#### TASK BRIEF
Reproduce the records precisely. Omit every picture.

#### RAW DATA
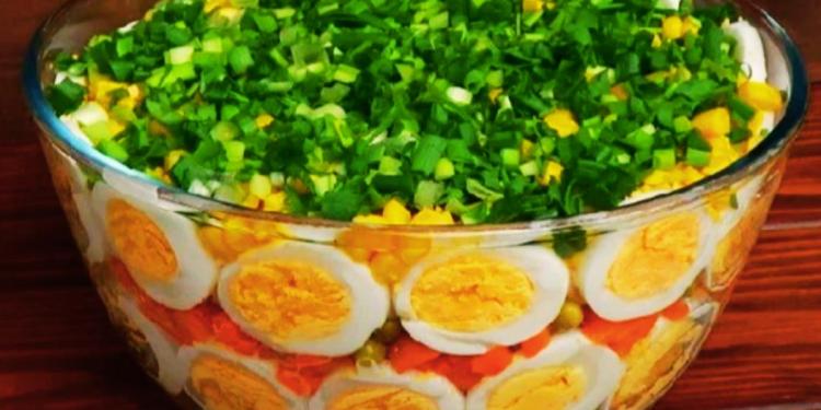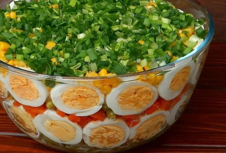 Зверху кукурудза та заправка. Ну і фінальний шар — це зелена цибуля. Під час викладання кожного шару інгредієнтів не забувайте розміщувати по бортах салатнику нарізані кружечками яйця.
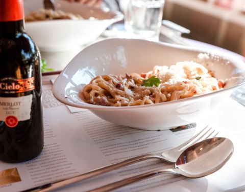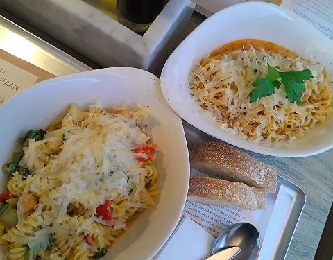 good pasta in cozy terrace both lunch and dinner. if my memories were correct, it was under or around 20euros for pasta and wine.
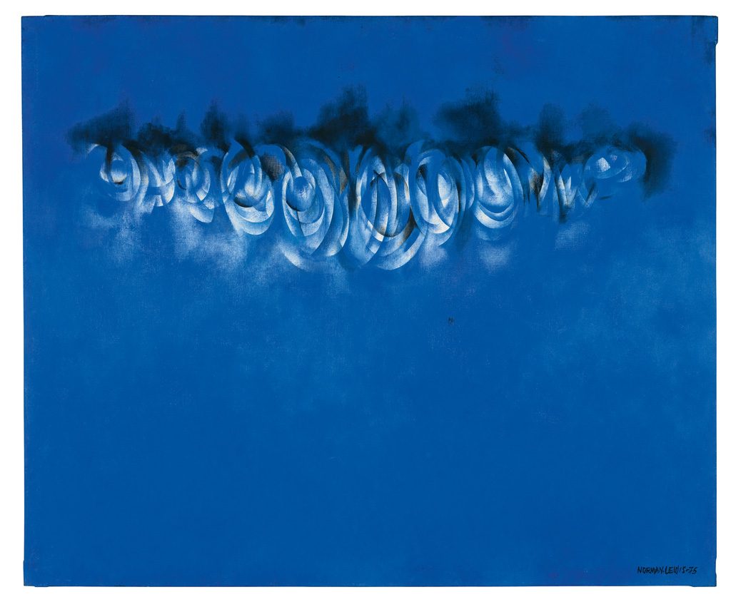 Block Island, oil on canvas, 1975, a radiant blue composition of curvilinear forms, was the first work on canvas from Norman Lewis’s Seachange series to come to auction, in 2016. Each piece in the series—the last major body of work by Lewis—is identifiable by undulating shapes surrounded by deep hues, drawing abstraction from the rhythms of nature. The paintings largely date from 1975-77, though the artist began making Seachange paintings as early as 1968, and continued to explore it throughout the 1970s, until his death in 1979.
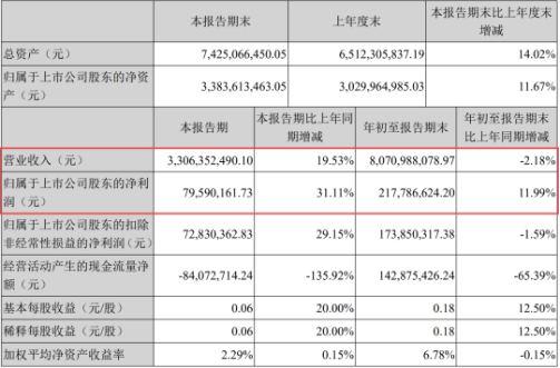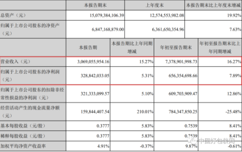 裕同科技 今年第三季度,裕同科技實現營收30.69億元,同比增長15.27%;實現歸屬于上市公司股東的凈利潤3.29億元,同比增長5.31%。 而今年前三季度,裕同科技實現營收73.79億元,同比增長16.27%;實現歸屬于上市公司股東的凈利潤6.56億元,同比增長7.89%。
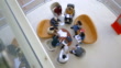An academic group meeting in natural light with bright furniture to discuss their findings.
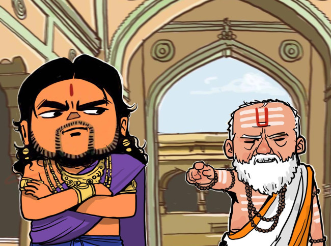 ราธียะก็ให้ความเห็นว่า ตอนนี้พี่น้องปาณฑพกำลังอ่อนแอไม่มีกองกำลังใดๆ สนับสนุน เราควรจัดทัพไปจัดการเสีย จะได้หมดเสี้ยนหนามในอนาคต ซึ่งทั้งสองคนก็เห็นด้วยกับความเห็นของราธียะ แต่ติดเสียที่ว่าระหว่างกำลังนั่งปรึกษาแผนการอยู่นั้น ฤาษีวยาสผู้รู้เรื่องราวทุกอย่างก็ปรากฏตัวขึ้นมาและสั่งห้ามไม่ให้คนทั้งสามวางแผนทำสงครามต่อไป

#### SOLUTION TO THIS PROBLEM
 Зверху кукурудза та заправка. Ну і фінальний шар — це зелена цибуля. Під час викладання кожного шару інгредієнтів не забувайте розміщувати по бортах салатнику нарізані кружечками яйця.
 good pasta in cozy terrace both lunch and dinner. if my memories were correct, it was under or around 20euros for pasta and wine.
 Block Island, oil on canvas, 1975, a radiant blue composition of curvilinear forms, was the first work on canvas from Norman Lewis’s Seachange series to come to auction, in 2016. Each piece in the series—the last major body of work by Lewis—is identifiable by undulating shapes surrounded by deep hues, drawing abstraction from the rhythms of nature. The paintings largely date from 1975-77, though the artist began making Seachange paintings as early as 1968, and continued to explore it throughout the 1970s, until his death in 1979.
 裕同科技 今年第三季度,裕同科技實現營收30.69億元,同比增長15.27%;實現歸屬于上市公司股東的凈利潤3.29億元,同比增長5.31%。 而今年前三季度,裕同科技實現營收73.79億元,同比增長16.27%;實現歸屬于上市公司股東的凈利潤6.56億元,同比增長7.89%。
An academic group meeting in natural light with bright furniture to discuss their findings.
 ราธียะก็ให้ความเห็นว่า ตอนนี้พี่น้องปาณฑพกำลังอ่อนแอไม่มีกองกำลังใดๆ สนับสนุน เราควรจัดทัพไปจัดการเสีย จะได้หมดเสี้ยนหนามในอนาคต ซึ่งทั้งสองคนก็เห็นด้วยกับความเห็นของราธียะ แต่ติดเสียที่ว่าระหว่างกำลังนั่งปรึกษาแผนการอยู่นั้น ฤาษีวยาสผู้รู้เรื่องราวทุกอย่างก็ปรากฏตัวขึ้นมาและสั่งห้ามไม่ให้คนทั้งสามวางแผนทำสงครามต่อไป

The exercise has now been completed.